Public sentiment now rose in favour of the Mures as persecuted men, and the Privy Council was inclined to let them off; and would have done so, had not the king continued firm in his belief of their guilt, and ordered them to be detained. Some years passed on, and proof seemed still past hope, when the Earl of Abercorn contrived to find out Bannatyne in Ireland, and caused him to be brought over to his own house in Paisley. There, Bannatyne gave a full account of the murder, but claimed, as fulfilment of a condition, that he should be allowed his freedom.

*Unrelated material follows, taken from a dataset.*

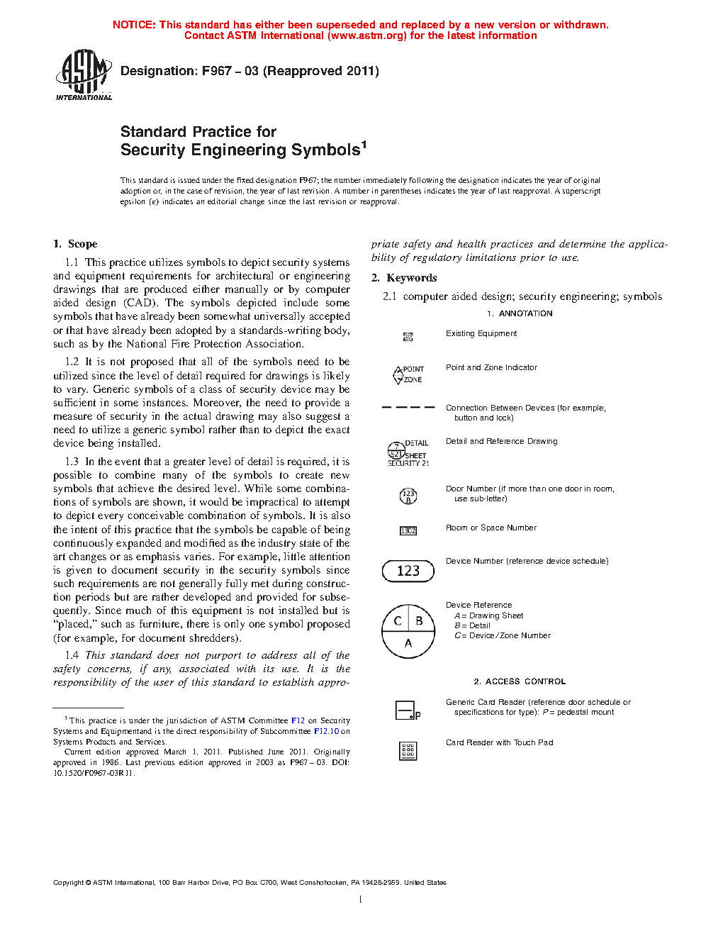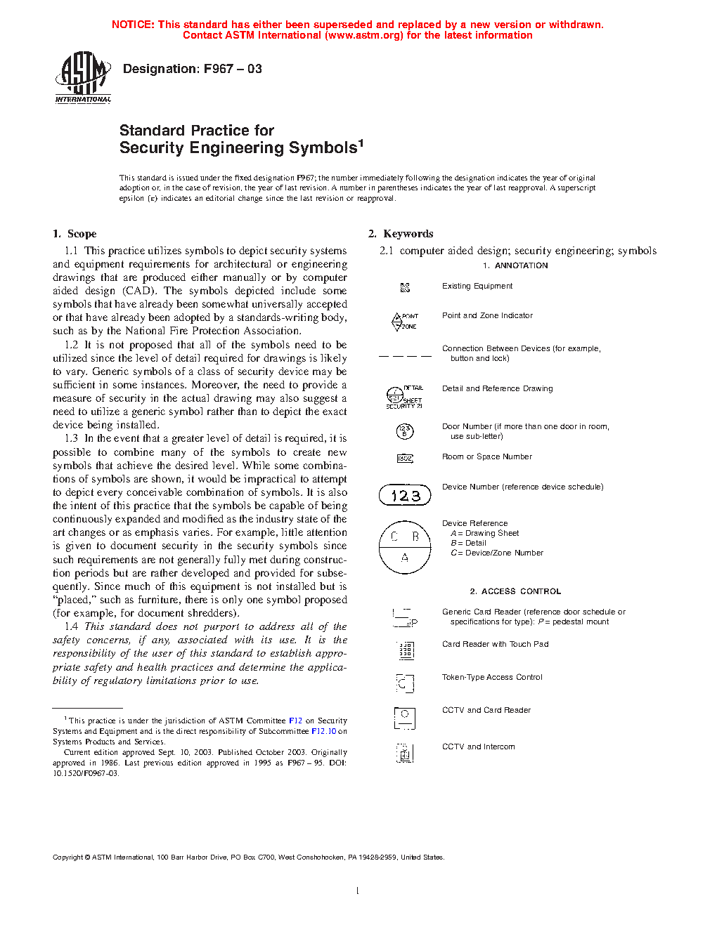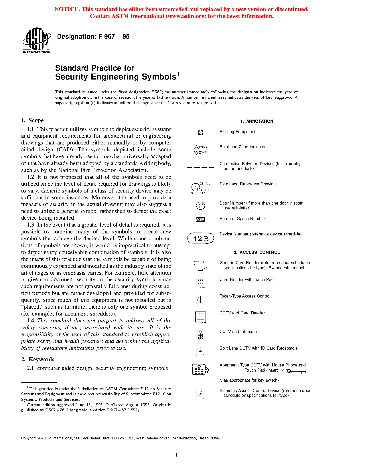1.2 It is not proposed that all of the symbols need to be utilized since the level of detail required for drawings is likely to vary. Generic symbols of a class of security device may be sufficient in some instances. Moreover, the need to provide a measure of security in the actual drawing may also suggest a need to utilize a generic symbol rather than to depict the exact device being installed.

The earl told him he had had no such understanding of the matter; but, to take away all ground of complaint, he would liberate him for the meantime, but at the end of ten days make every possible effort to take him unconditionally, whether dead or alive. At this Bannatyne hesitated; he knew that already the Mures had been laying plots to get him cut off in Ireland—now, between their vengeance and the extreme persecution threatened by Lord Abercorn, he could see no chance for safety. He therefore avowed his inclination to make a full confession before a court of law, and trust to his majesty’s clemency.

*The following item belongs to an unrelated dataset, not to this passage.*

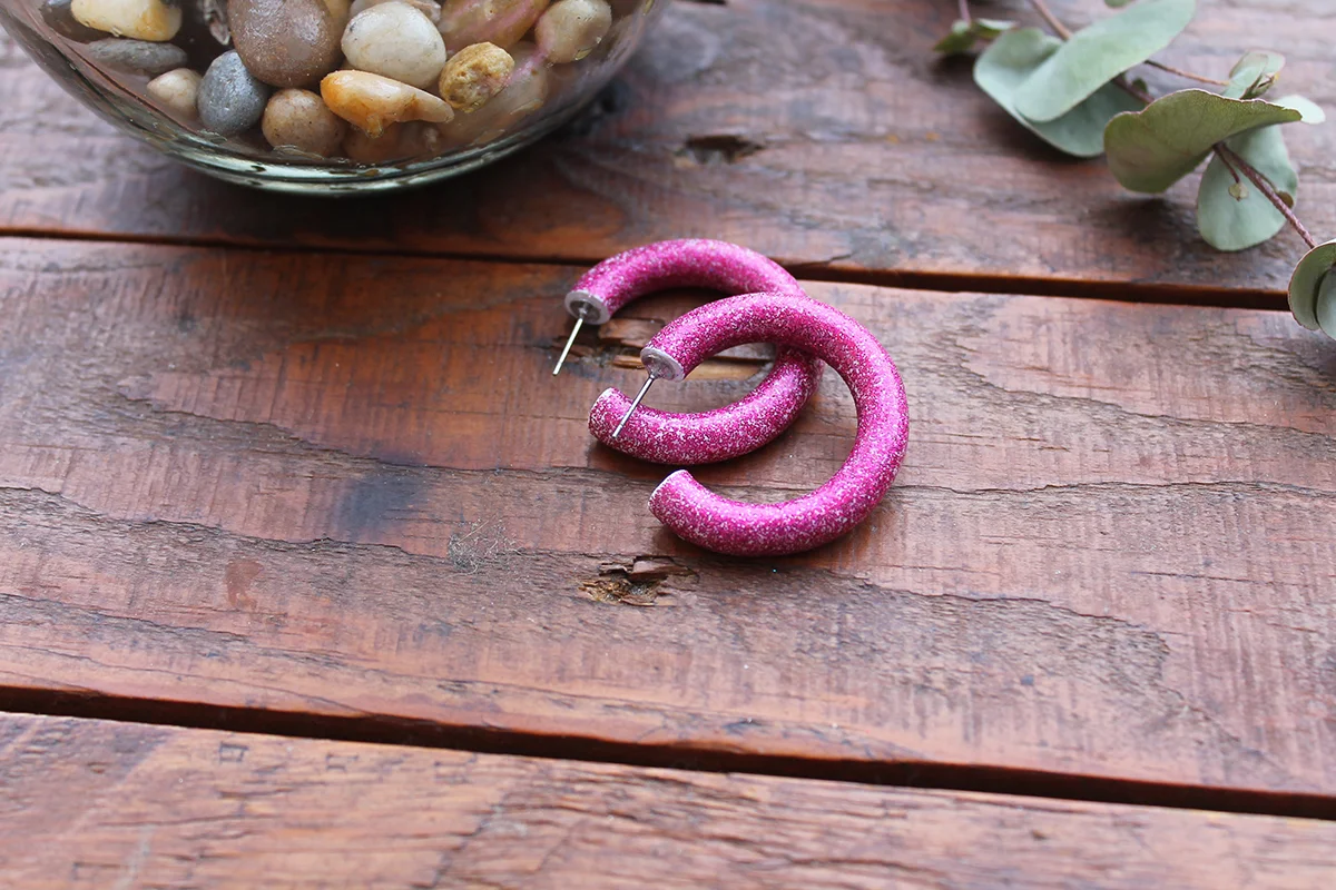 Disponibles en diferentes colores, nuestros aros con glitter son cómodos y ligeros, lo que los hace ideales para llevarlos todo el día. Además, su diseño llamativo te hará destacar.

On being confronted with Bannatyne, the Mures appeared as obstinate in their protestations of innocence as ever, contradicting everything he said, and denouncing him as a tool of their enemies. They were, nevertheless, brought to trial, along with Bannatyne, on the day noted in the margin—found guilty, and condemned to be beheaded at the Cross of Edinburgh, with forfeiture of all they possessed to his majesty’s use. So ended this extraordinary tissue of crimes, old Auchindrain being at the time about eighty years of age.340
Macleod of Raasay had been proprietor of the lands of Gairloch on the mainland of Ross-shire. He had the misfortune to live in the same time with Kenneth Mackenzie of Kintail, who has already been described as a man much too clever for his neighbours. Lord Kintail—for he had recently been made a peer—had a wadset or bond over a third of Gairloch, and by proper use of this legal footing in the estate, joined to neglect of legal defences by the insular chieftain, was in the way of becoming proprietor of the whole. While Raasay, however, neglected law, he had no reluctance to use the sword: so a hot feud subsisted between him and the crafty Mackenzie. The latter had already pursued the Macleods out of Gairloch with fire and sword.
Under the date noted in the margin, Lord Kintail hired a ship, that his son Murdo Mackenzie might go to Skye with a proper following, in order to apprehend one John Holmogh MacRorie, a duniwassal of Raasay,341 who had given him some trouble in the Gairloch. The vessel, with whatever design it set out, soon changed its course, and arrived opposite Macleod’s castle in the isle of Raasay—the same place where Johnson and Boswell afterwards found such an elegant scene of Highland hospitality. MacGilliecallum—such is the Highland appellative of the Laird of Raasay—seeing the vessel, went out to it with twelve of his followers, to buy some wine. ‘When Murdo Mackenzie did see them coming, he, with all his train, lest they should be seen, went to the lower rooms of the ship, leaving the mariners only above the decks. The Laird of Raasay entered; and, having spoken the mariners, he departed, with a resolution to return quickly. Murdo Mackenzie, understanding that they were gone, came out of the lower rooms; and perceiving them coming again, he resolved to conceal himself no longer. The Laird of Raasay desired his brother Murdo to follow him into the ship with more company in another galley, that they might carry to the shore some wine which he had bought from the mariners; so returning to the ship, and finding Murdo Mackenzie there beyond his expectation, he consulteth with his men, and thereupon resolveth to take him prisoner, in pledge of his cousin John MacAllan MacRorie, whom the Laird of Gairloch detained in captivity.’—G. H. S.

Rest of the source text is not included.